◆ Task prompt
Output the run of lines that opens with the first line of the material below and closes with the line containing "Künstler-AK Budapest, Resztelek", both included, and drop the pictures.

◆ Record set
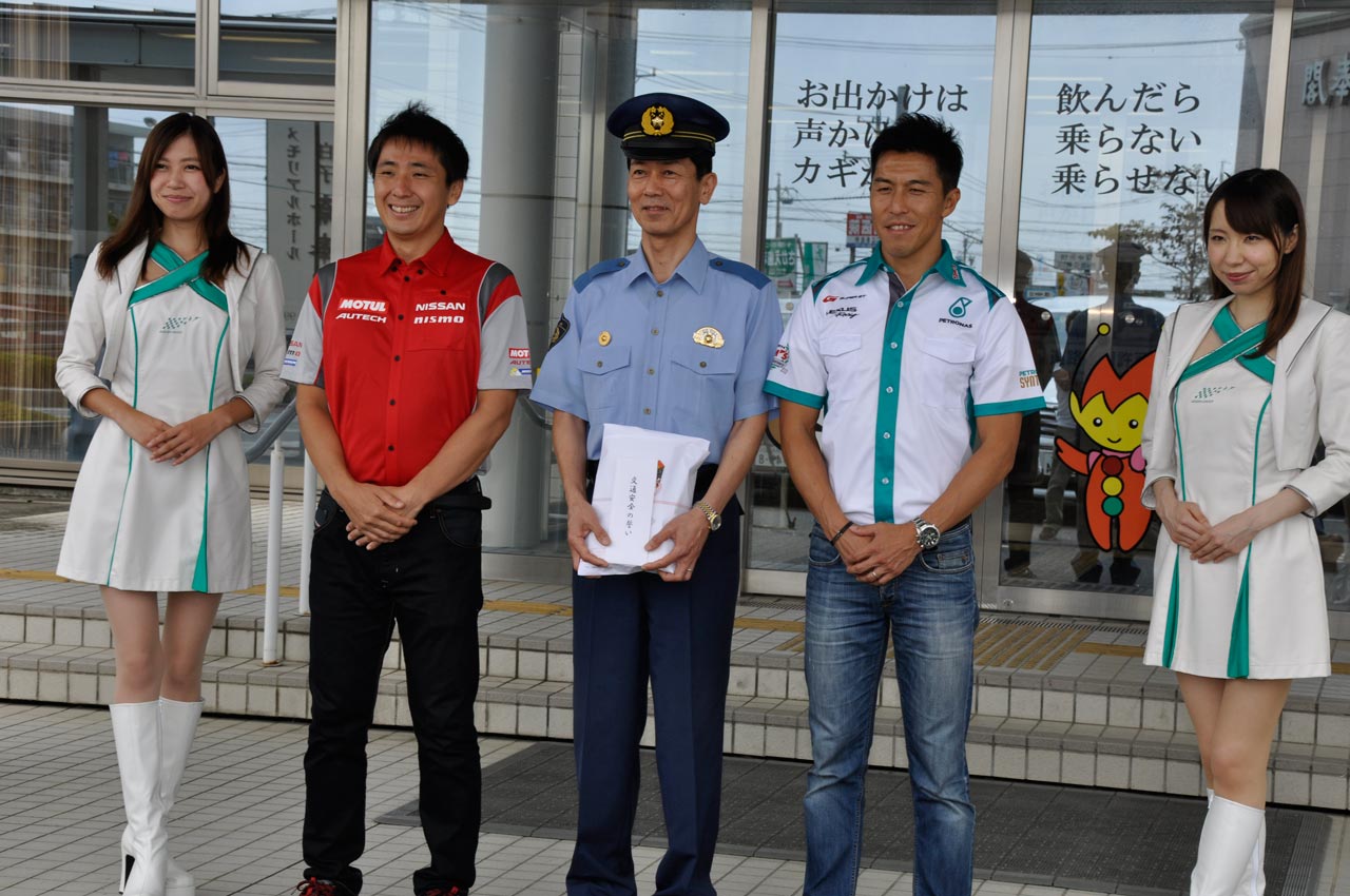 鈴鹿警察署を表敬訪問した松田次生選手、伊藤大輔選手、そして髙嶌秀紀鈴鹿警察署長
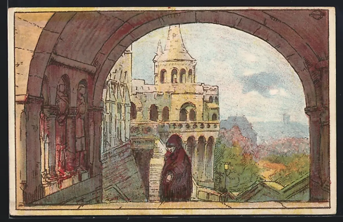 Künstler-AK Budapest, Resztelek a Halasz-bastyarol Keszültek az Kir. Iparmüveszeti Iskolaban
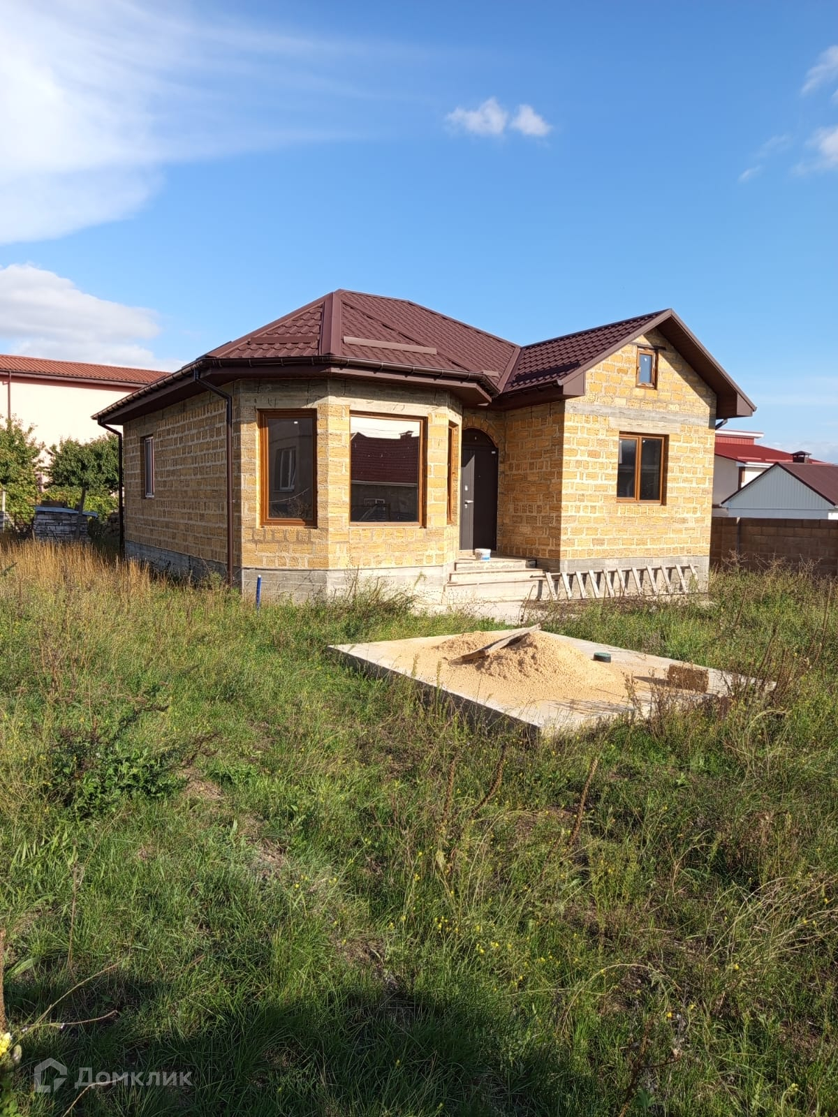 Общая площадь дома составляет 95 кв.м, в нем предусмотрено три изолированные комнаты (14,2 м², 14,5 м² и 14,4 м²), а также уютная кухня-столовая площадью 15 м², ресепшен в виде просторного длинного коридора и совмещенный санузел. Фундамент выполнен из качественного бетона, стены – из кирпича, крыша покрыта металлочерепицей, что обеспечивает долговечность и надежность конструкции. Коммуникации (электричество 380 В, локальная канализация и водоснабжение ) уже заведены в дом, а наличие газа делает жилье еще более комфортным.
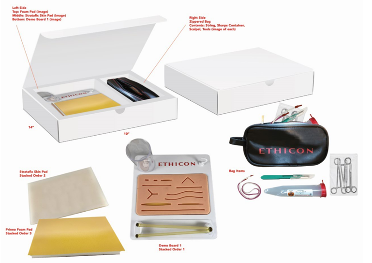 SuturEd Program – this is a training program that focuses on upskilling on suturing techniques. Participants are provided with a toolkit to enhance their basic and advances suturing training. Ethicon would provide a SuturEd toolkit for each participant (see in the image below) along with online learning which is then supplemented by a live workshop (basic suturing followed by advance suturing) facilitated by consultants or senior registrars.
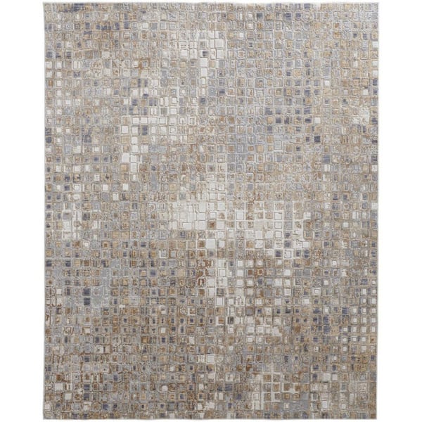 2 ft. x 8 ft. Tan, Ivory Geometric Area Rug
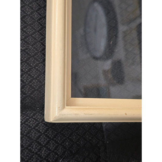 Vintage Beige Wooden Picture Frame With Glass Pane & Hanging Wire
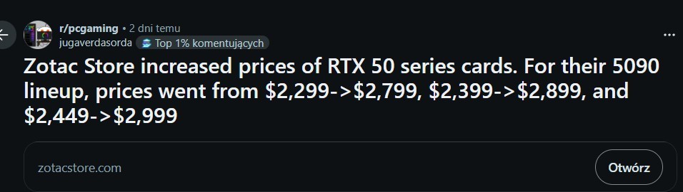 Wątek na Reddicie, który zwrócił uwagę na tę zmianę, twierdzi, że przed ponownym wystawieniem na sprzedaż ceny RTX 5090 wynosiły odpowiednio 2299 USD, 2399 USD i 2449 USD, a cena RTX 5080 wzrosła z 999 USD do 1249 USD.

◆ Written response
 鈴鹿警察署を表敬訪問した松田次生選手、伊藤大輔選手、そして髙嶌秀紀鈴鹿警察署長
 Künstler-AK Budapest, Resztelek a Halasz-bastyarol Keszültek az Kir. Iparmüveszeti Iskolaban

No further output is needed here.